A change in Boston’s truck route, in which Mayor Thomas M. Menino eliminated daytime permits for gas and fuel trucks, has been ruled illegal by the Federal Motor Carriers Safety Administration, reported the Boston Globe.
The federal agency said the city never requested or received approval to ban haz-mat loads from passing through, which is FMCSA’s jurisdiction.
The route change effectively shifts danger to other communities, as evidenced by a 2007 accident on a residential street in Everett, when a rerouted tanker overturned and sent a flood of burning gasoline down the street. Massachusetts Motor Transportation Association’s executive director, Anne Lynch, said the ban amounted to an ‘export of risk’ by sending fuel trucks into Everett and surrounding communities to avoid Boston.
“He took traffic that should have gone through the city and rerouted it through 27 towns,” said Lynch. “You cannot export your risk to another community.”
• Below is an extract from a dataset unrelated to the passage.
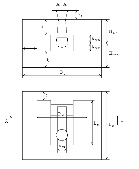 По ГОСТ 2133-75 высота нижней опоки Нн.о. = 250мм 9, с.6, табл.4.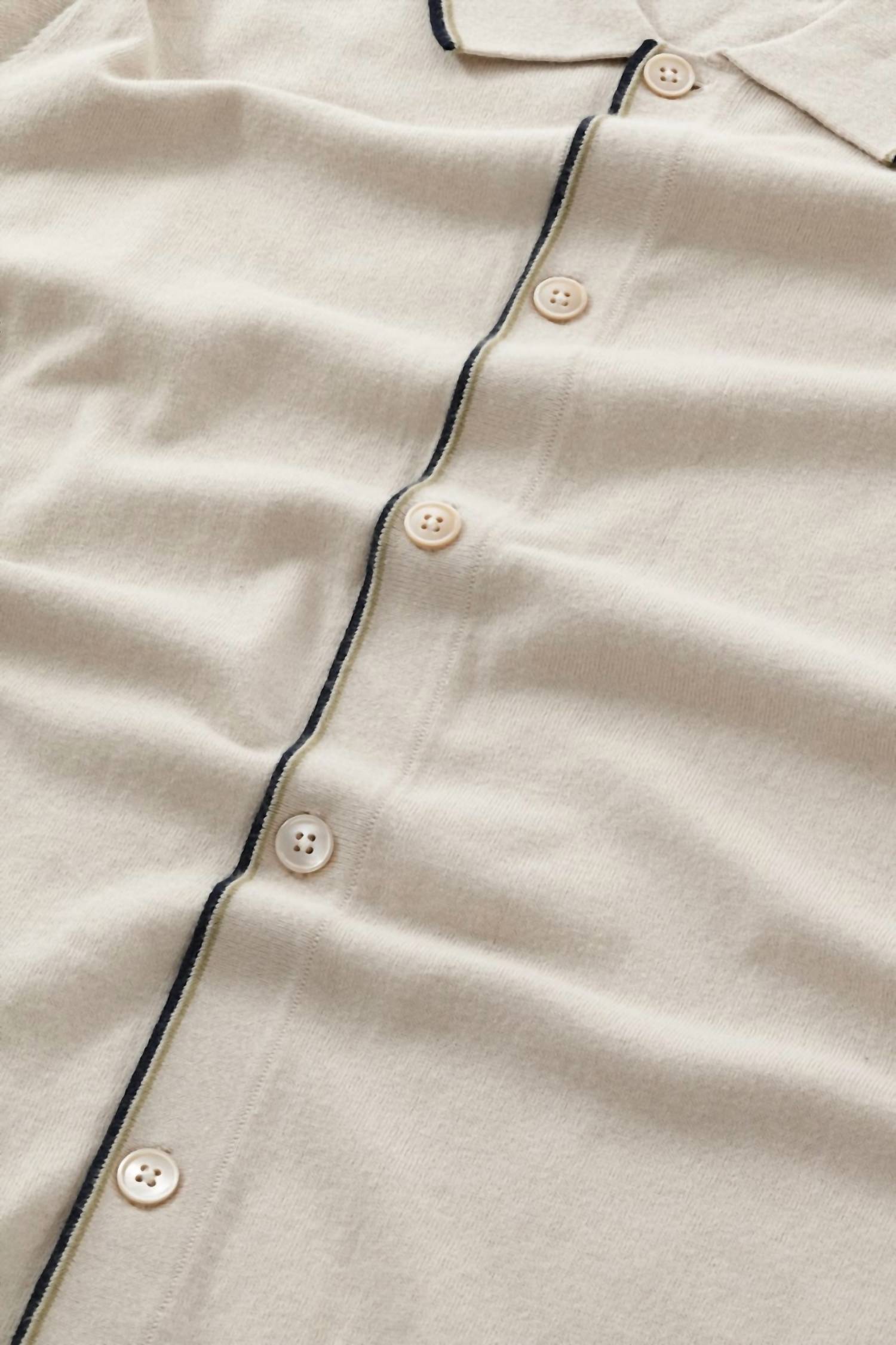 Elevate your wardrobe with the Nolan Button Up Polo Shirt by NN07, a minimalist piece in sophisticated ecru. This men's short sleeve polo is crafted from 100% organic cotton for exceptional comfort and features a timeless collar design. Originating from China, it incorporates Mother-of-Pearl buttons for a refined finish. For care, simply machine wash and line dry. Auden, standing at 6'1", wears a size M, showcasing the shirt's regular fit.

Boston’s transportation commissioner Thomas J. Tinlin said the change was made to keep the city from being a convenient throughway for fuel deliveries bound elsewhere, like Hyannis. “Why should that person be able to cut through our city and put our citizens at risk?” he asked, saying the DOT had issue with how the city went about the rerouting process, not with the reroute itself.
To legally make the change to routes, Boston must establish a reason for the change, look at several other factors, and consult with neighboring communities.